(Exercise goal): Restate, word for word and with no pictures, the stretch of lines in the data below that begins at the line with "写给自己。 钱再多,买不来健" and ends at the line with "Bon appétit. This", inclusive.

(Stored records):
================

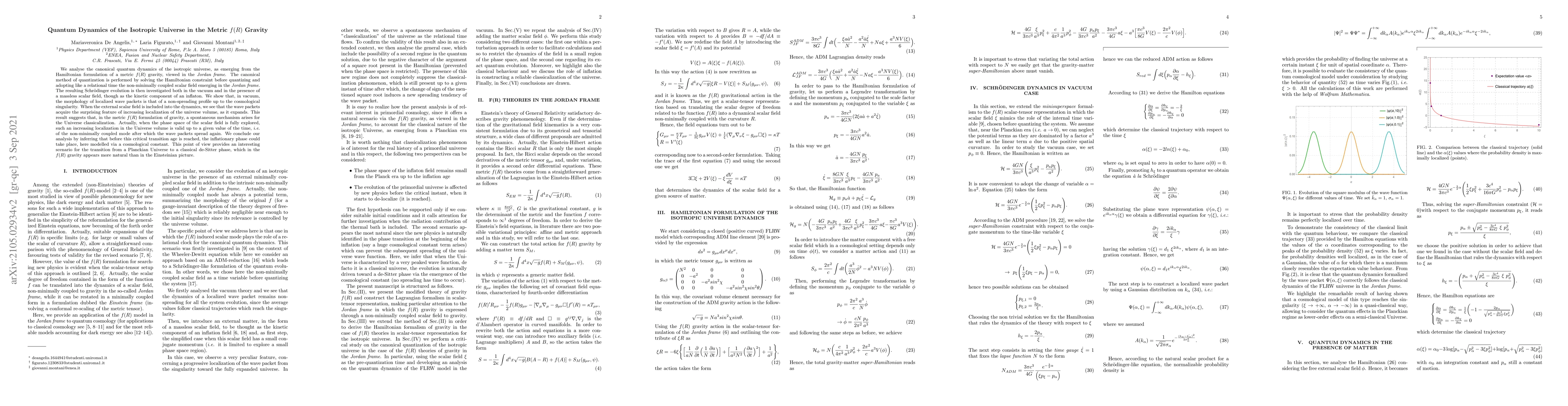 We analyse the canonical quantum dynamics of the isotropic universe, as emerging from the Hamiltonian formulation of a metric f(R) gravity, viewed in the Jordan frame. The canonical method of quantization is performed by solving the Hamiltonian constraint before quantizing and adopting like a relational time the non-minimally coupled scalar field emerging in the Jordan frame. The resulting Schr\"oedinger evolution is then investigated both in the vacuum and in the presence of a massless scalar field, though as the kinetic component of an inflaton. We show that, in vacuum, the morphology of localized wave packets is that of a non-spreading profile up to the cosmological singularity. When the external scalar field is included into the dynamics, we see that the wave packets acquire the surprising feature of increasing localization of the universe volume, as it expands. This result suggests that in the metric f(R) formulation of gravity, a spontaneous mechanism arises for the universe classicization. Actually, when the phase space of the scalar field is fully explored, such an increasing localization in the Universe volume is valid up to a given value of the time, i.e. of the non-minimally coupled mode after which the wave packets spread again. We conclude our analysis by inferring that before this critical transition age is reached, the inflationary phase could take place, here modelled via a cosmological constant. This point of view provides an interesting scenario for the transition from a Planckian Universe to a classical de-Sitter phase, which in the f(R) gravity appears more natural than in the Einsteinian picture.
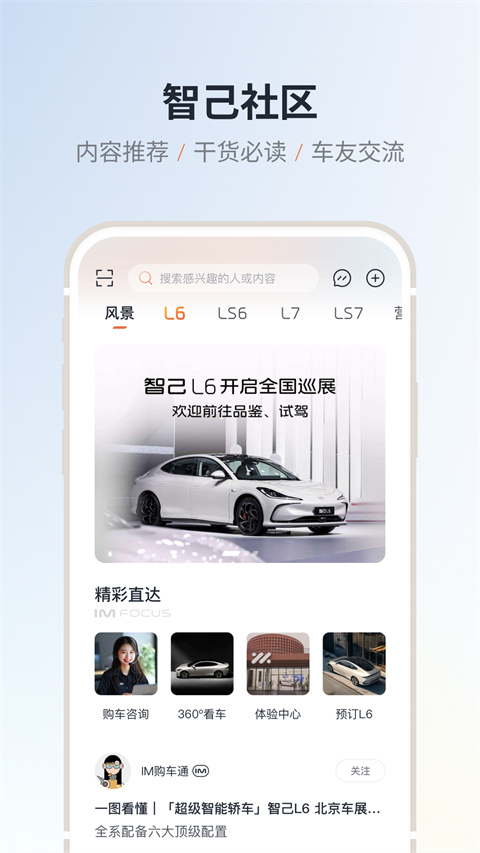 IM智己app官方专为旗下汽车推出的一款提供智能汽车服务的手机端软件,这款软件能够帮助用户提供超多的汽车线上服务,不管用户想要在这里看最新的汽车相关资讯、新的汽车车展活动,还是想要看在线订车、最新资讯、汽车操控连接等其他服务。
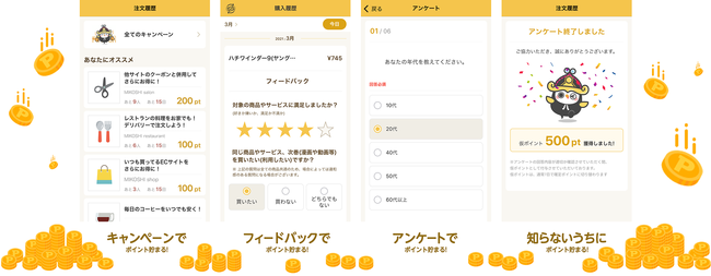さらには、アプリ内で指定のサイトで購入したり、購入した商品へのフィードバック、アンケート回答などさまざまな方法でためることができます。
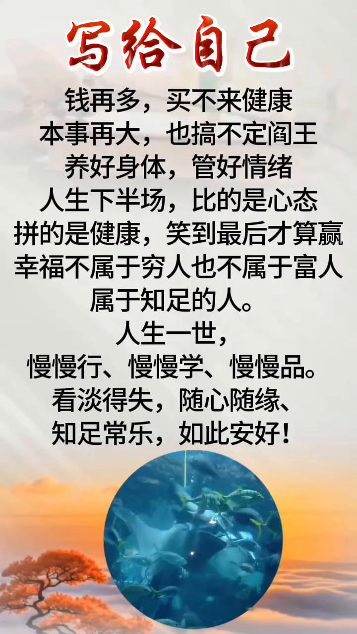 写给自己。 钱再多,买不来健康;本事再大,也搞不定阎王。养好身体,管好情绪。人生下半场,比的是心态,拼的是健康,笑到最后才算赢。幸福不属于穷人也不属于富人,属于知足的人。人生一世,慢慢行、慢慢学、慢慢品。看淡得失,随心随缘、知足常乐,如此安好!
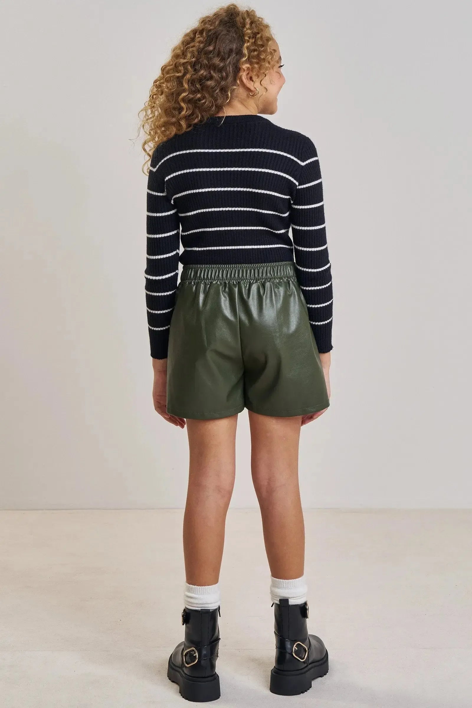 O short saia em couro sintético, é a escolha perfeita para as meninas que amam um look cheio de conforto, sem abrir mão do estilo no dia à dia! Disponível em duas cores super estilosas - verde e preto - ela é uma peça essencial, perfeita para montar diversos looks e deixar o inverno das pequenas ainda mais estiloso! O aviamento de metal, adiciona um charme especial à peça.
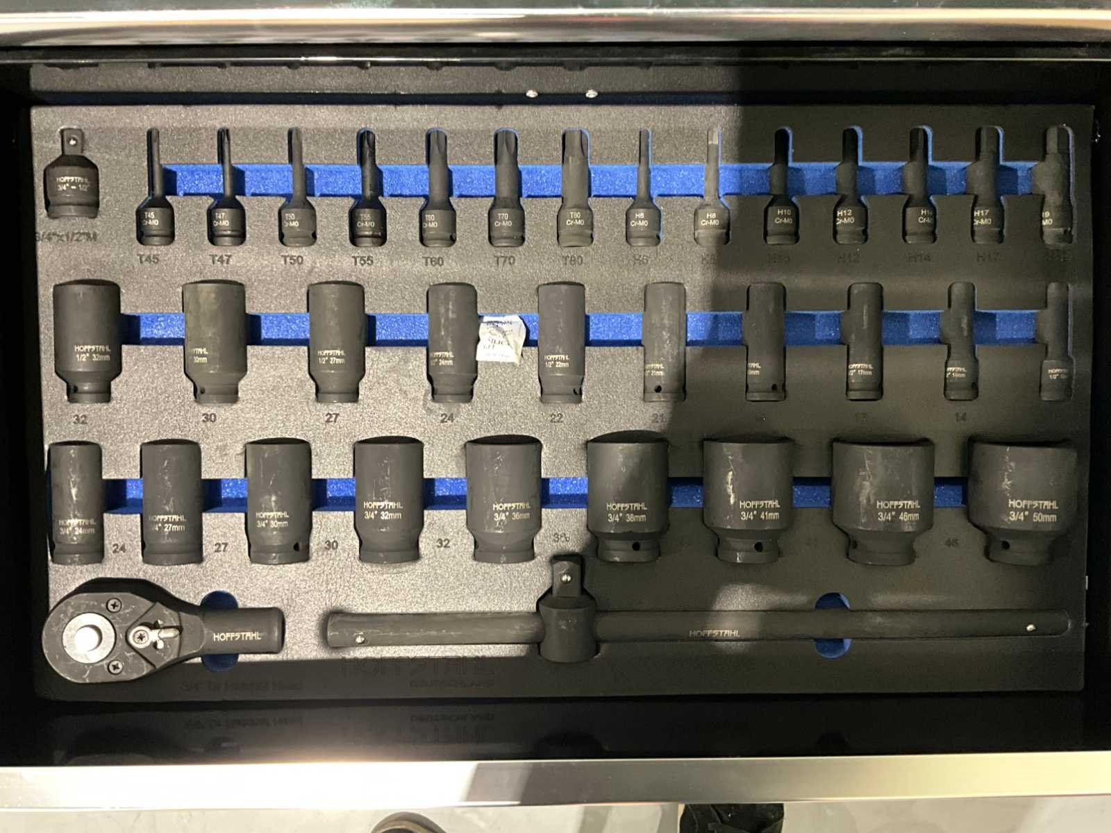 Ongebruikt 4 zwenkwielen rattelset en doppenset tot en met maat 50 386 st Heavy Duty gereedschapswagen gebruik: voor professionals aantal laden: 11 laden aantal gevulde laden: 9 gevulde laden gereedschap: chroom-vanadium gereedschap inhoud: 29-delige ring-steeksleutel set (6 mm - 50 mm) 3 ratelsleutel sets met doppen & bitsen (1/4”, 3/8” & 1/2”) 11-delige ring-ringsleutel set (6*7 mm - 30*32 mm) verstelbanre moersleutel 12-delige tangen set 2 hamers & 4 vijlen puntslag en beitel set 12 schroevendraaiers inbussleutels, Torxsleutels, precisiegereedschap 21-delige T-sleutelset 34-delige krachtdoppen set (12 mm - 50 mm) + Torx & inbus doppen & ratelsleutel 3/4,” LED-lamp, zaag, schaar, mes, meetgereedschappen enzovoort... in de originele verpakking Nee Merk: Hoffstahl Type: Deutschland PRO Bouwjaar: 2026 Aantal laden: 11 Met inhoud: true Eigen gewicht: 180kg Totale afmeting L: 1480mm Totale afmeting Breedte: 520mm Totale afmeting Hoogte: 1110mm
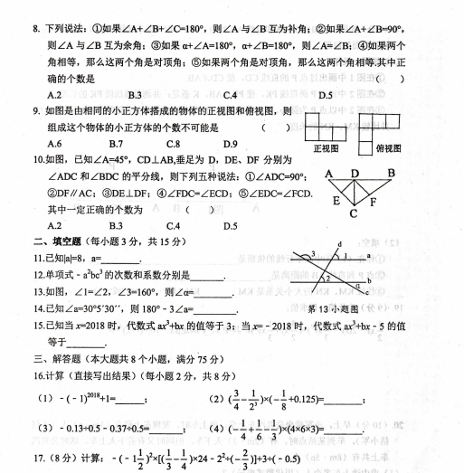 河南駐馬店泌陽2017-2018七期末上測試數學(圖片版)(2)
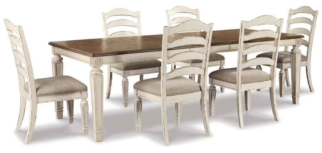 Bon appétit. This 7-piece dining room set has all the right ingredients for a French country-inspired feast for the eyes. Drop-in leaf allows you to transform the intimate square dining table into a gracious extension table that comfortably seats eight. Antiqued two-tone aesthetic pairs chipped white with a distressed wood finished top for a double serving of charm. With its rounded ladderback styling and plushly cushioned seat, this dining room chair is sure to entice you to linger a little longer.
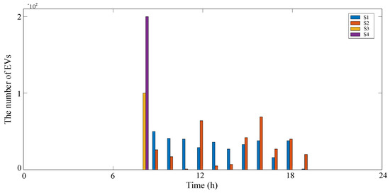 In Figure 3, the different colors of the bars represent the number of EVs under different scenarios. In S1, the number of EVs is random and the variation laws correspond to the electricity price as shown in (24). Based on S1, the number value is changed from NS1 to NS2, and the scenario is named S2. S3 and S4 are utilized to research the influence of EV numbers on the proposed method. So, the number in S3 and S4 is an obvious difference and in the same period. Considering EV users’ usage habits, the EV parking time in G2V and B2V stations is set to be 2 h. The object SOC value is considered as the expected SOC value that meets users’ driving requirements and is equal to the maximum SOC value.
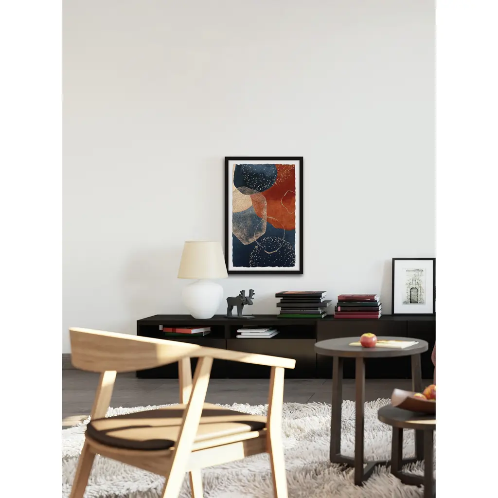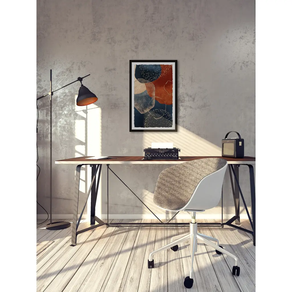 From glitter to colorful fireworks, this abstract watercolor painting print can be anything you want it to be, featuring abstract shapes in navy blue, brown and beige colors. Proudly printed in the USA, this piece is printed on high quality archive paper and professionally hand-framed. With wall-mounting hooks included, this artful accent is ready to hang up as soon as it reaches your front door. • Top quality Giclee print on high resolution Archive Paper • Hand cut deckled edges • High quality durable non-warping frame • Finished under shatter resistant plexiglass • Arrives ready to hang • Includes a certificate of authenticity • Printed in the USA
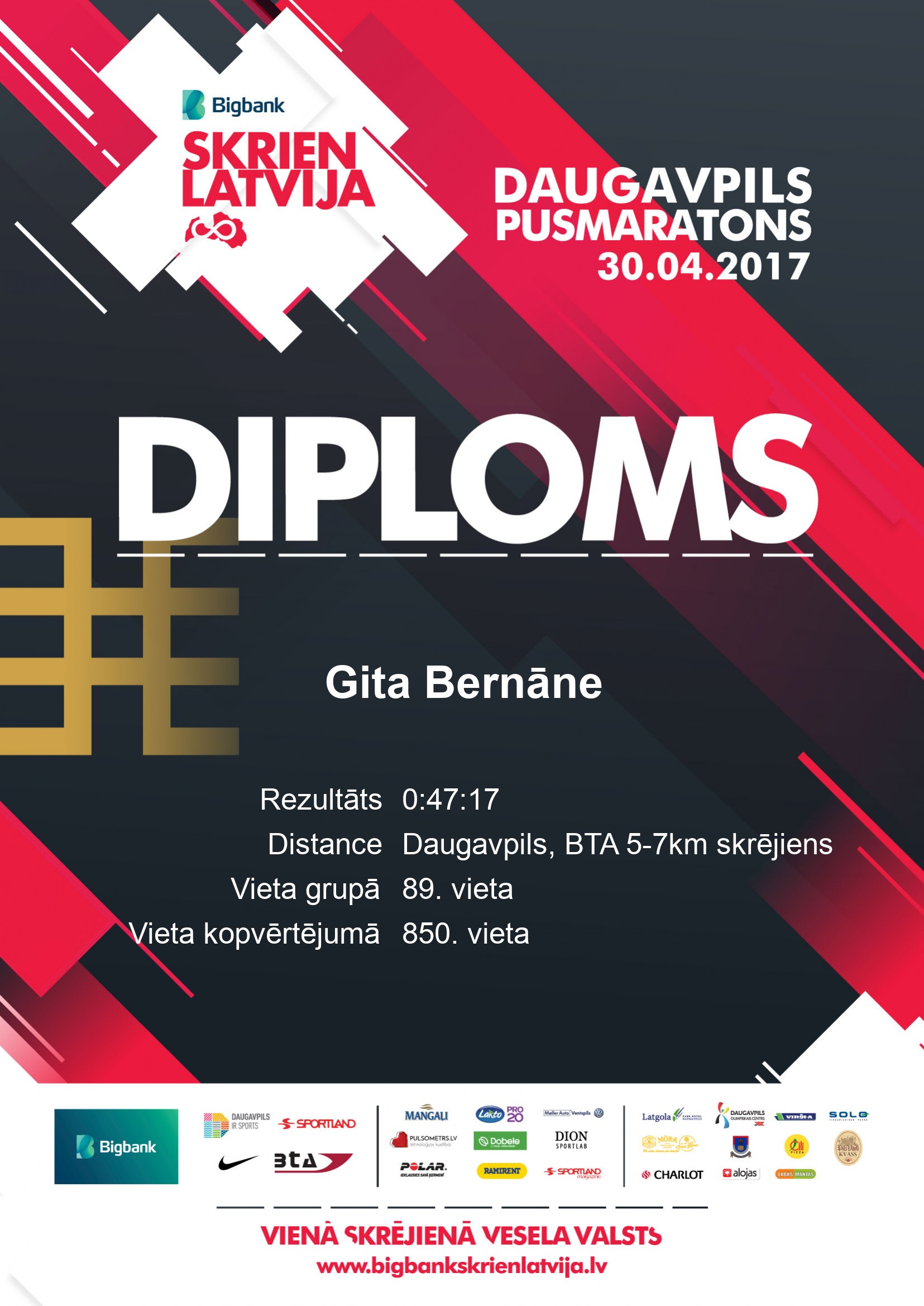 | 850. | | Gita | Bernāne | | Daugavpils | STA | 2 | 0:47:17 | 0:30:07 | Diploms |
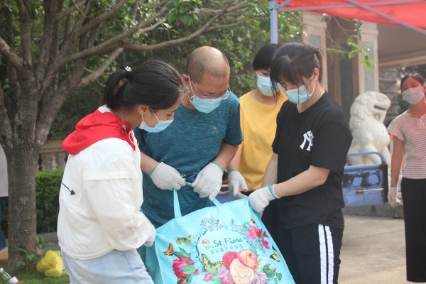 5月13日上午8點,教學(xué)區(qū)沒有課的老師和生活老師老師、還有安保人員準(zhǔn)時到位,等待學(xué)生家長運送行李的到來。從學(xué)校門口到物資制定交接點,都規(guī)劃好了統(tǒng)一的路線,嚴(yán)格規(guī)定了人員之間的距離。從門口處消毒,到學(xué)生行李接收等都做了具體細(xì)致安排。家長按照規(guī)定時間陸續(xù)到來,送下行李后迅速離開,由班級相關(guān)老師負(fù)責(zé)接收,貼上標(biāo)有班級、姓名、宿舍號和床位號的標(biāo)簽,由專人對每個學(xué)生的行李進(jìn)行消毒處理,再搬運到指定消過毒的運輸車上,安全把行李到達(dá)宿舍,由責(zé)任教師將學(xué)生行李安排到指定床位。
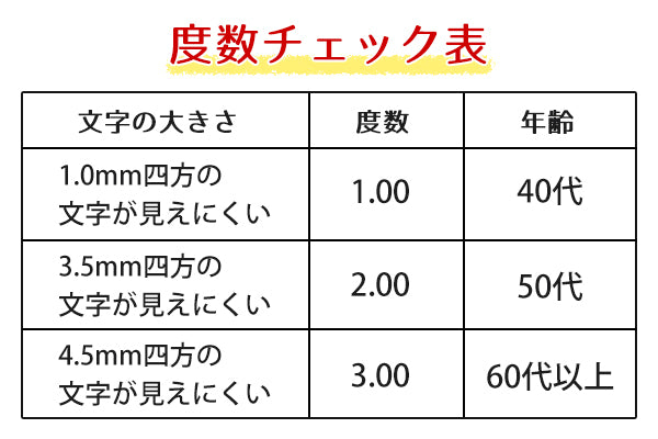 ●度数は+1.00、+2.00、+3.00の3タイプあります。
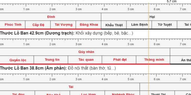 Trên thước Lỗ Ban 42.9cm sẽ có 8 cung là Tài – Bệnh – Ly – Nghĩa – Quan – Kiếp – Hại – Bản, trong đó bạn nên chọn kích thước của 4 cung tốt là Tài – Nghĩa – Quan – Bản.
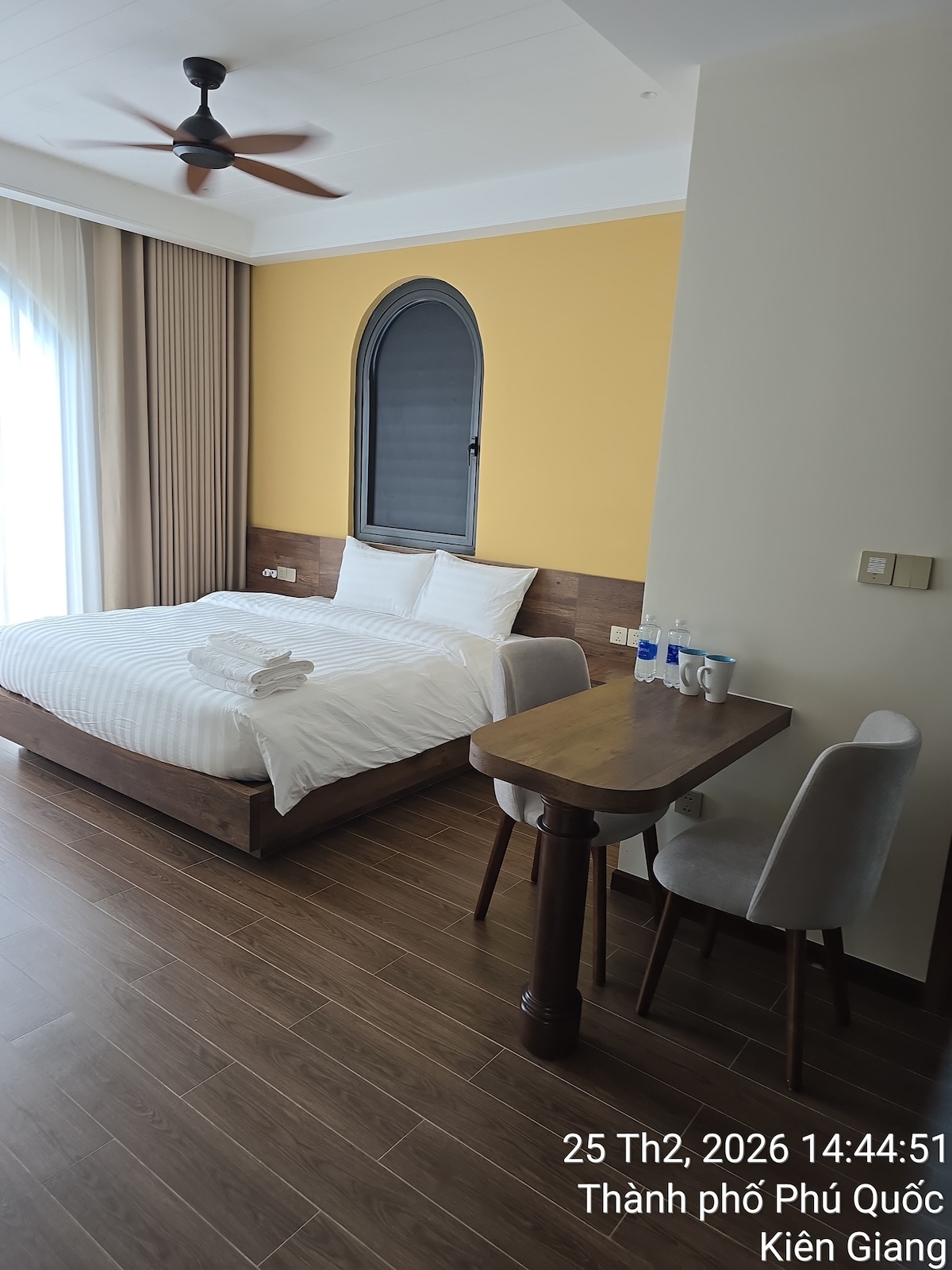 Our ocean-view studio is one of two private rooms in a dual-key apartment sharing a main entrance. No internal connecting door, fully independent smart lock. Located in Hillside – Sunset Town, Phú Quốc, offering panoramic sea views, iconic sunsets, and a perfect balcony angle to watch nightly fireworks, especially during peak season and festivals. Crafted for guests who appreciate aesthetic spaces, comfort, and extraordinary travel moments.
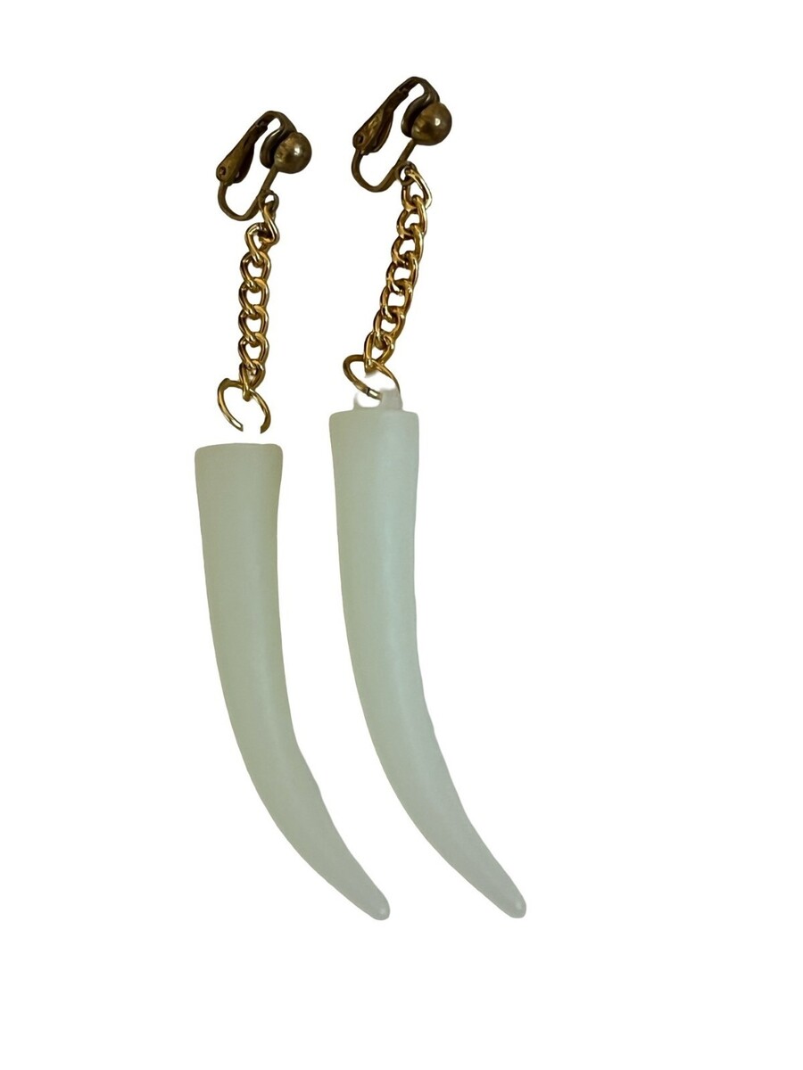 Vintage Glow in the Dark Dangle Earrings Cream Fang Drop Clip On 4 Inch

================

(Solution to this task):
 写给自己。 钱再多,买不来健康;本事再大,也搞不定阎王。养好身体,管好情绪。人生下半场,比的是心态,拼的是健康,笑到最后才算赢。幸福不属于穷人也不属于富人,属于知足的人。人生一世,慢慢行、慢慢学、慢慢品。看淡得失,随心随缘、知足常乐,如此安好!
 O short saia em couro sintético, é a escolha perfeita para as meninas que amam um look cheio de conforto, sem abrir mão do estilo no dia à dia! Disponível em duas cores super estilosas - verde e preto - ela é uma peça essencial, perfeita para montar diversos looks e deixar o inverno das pequenas ainda mais estiloso! O aviamento de metal, adiciona um charme especial à peça.
 Ongebruikt 4 zwenkwielen rattelset en doppenset tot en met maat 50 386 st Heavy Duty gereedschapswagen gebruik: voor professionals aantal laden: 11 laden aantal gevulde laden: 9 gevulde laden gereedschap: chroom-vanadium gereedschap inhoud: 29-delige ring-steeksleutel set (6 mm - 50 mm) 3 ratelsleutel sets met doppen & bitsen (1/4”, 3/8” & 1/2”) 11-delige ring-ringsleutel set (6*7 mm - 30*32 mm) verstelbanre moersleutel 12-delige tangen set 2 hamers & 4 vijlen puntslag en beitel set 12 schroevendraaiers inbussleutels, Torxsleutels, precisiegereedschap 21-delige T-sleutelset 34-delige krachtdoppen set (12 mm - 50 mm) + Torx & inbus doppen & ratelsleutel 3/4,” LED-lamp, zaag, schaar, mes, meetgereedschappen enzovoort... in de originele verpakking Nee Merk: Hoffstahl Type: Deutschland PRO Bouwjaar: 2026 Aantal laden: 11 Met inhoud: true Eigen gewicht: 180kg Totale afmeting L: 1480mm Totale afmeting Breedte: 520mm Totale afmeting Hoogte: 1110mm
 河南駐馬店泌陽2017-2018七期末上測試數學(圖片版)(2)
 Bon appétit. This 7-piece dining room set has all the right ingredients for a French country-inspired feast for the eyes. Drop-in leaf allows you to transform the intimate square dining table into a gracious extension table that comfortably seats eight. Antiqued two-tone aesthetic pairs chipped white with a distressed wood finished top for a double serving of charm. With its rounded ladderback styling and plushly cushioned seat, this dining room chair is sure to entice you to linger a little longer.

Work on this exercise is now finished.